**DATA SECTION**
• • • • •
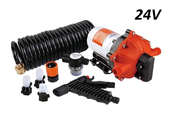Tlakové membránové čerpadlo 19,7l/min, tlak 70PSI (4,8bar), napájení 24V, Seaflo – Mycí sada
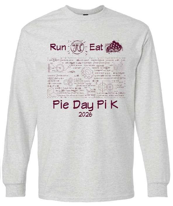 Our Pie Day Pi K "Equations" race shirt has been very popular and has sold out each year.  The price is $19 for this quality shirt for your Equations collection.  This year we have a ash colored long-sleeve shirt.  See the proof below. Shirts must be ordered by March 1 (although a few sizes might be available for a short time after that).
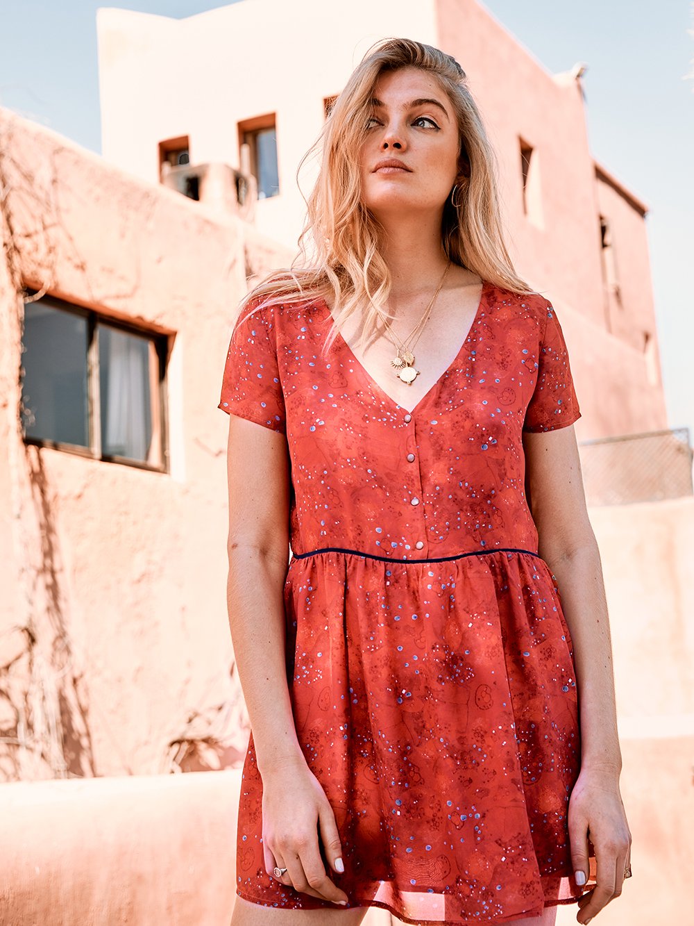 Nous avons choisi cette soie pour son aspect souple et vaporeux à l'effet seconde peau. Nous nous sommes approvisionnées au plus proche de la matière première, au royaume de la soie, en Chine. Véritables experts de la soie, nos ateliers élèvent eux-mêmes les vers à soie, tissent la soie et l'impriment dans une usine certifiée Oeko Tex, garantissant que notre tissu est exempt de produits toxiques pour le corps et pour l'environnement.
• • • • •
**REQUIRED WORK**
Exactly as written, restate the listing above with its pictures omitted.

**RESPONSE AREA**
Tlakové membránové čerpadlo 19,7l/min, tlak 70PSI (4,8bar), napájení 24V, Seaflo – Mycí sada
 Our Pie Day Pi K "Equations" race shirt has been very popular and has sold out each year.  The price is $19 for this quality shirt for your Equations collection.  This year we have a ash colored long-sleeve shirt.  See the proof below. Shirts must be ordered by March 1 (although a few sizes might be available for a short time after that).
 Nous avons choisi cette soie pour son aspect souple et vaporeux à l'effet seconde peau. Nous nous sommes approvisionnées au plus proche de la matière première, au royaume de la soie, en Chine. Véritables experts de la soie, nos ateliers élèvent eux-mêmes les vers à soie, tissent la soie et l'impriment dans une usine certifiée Oeko Tex, garantissant que notre tissu est exempt de produits toxiques pour le corps et pour l'environnement.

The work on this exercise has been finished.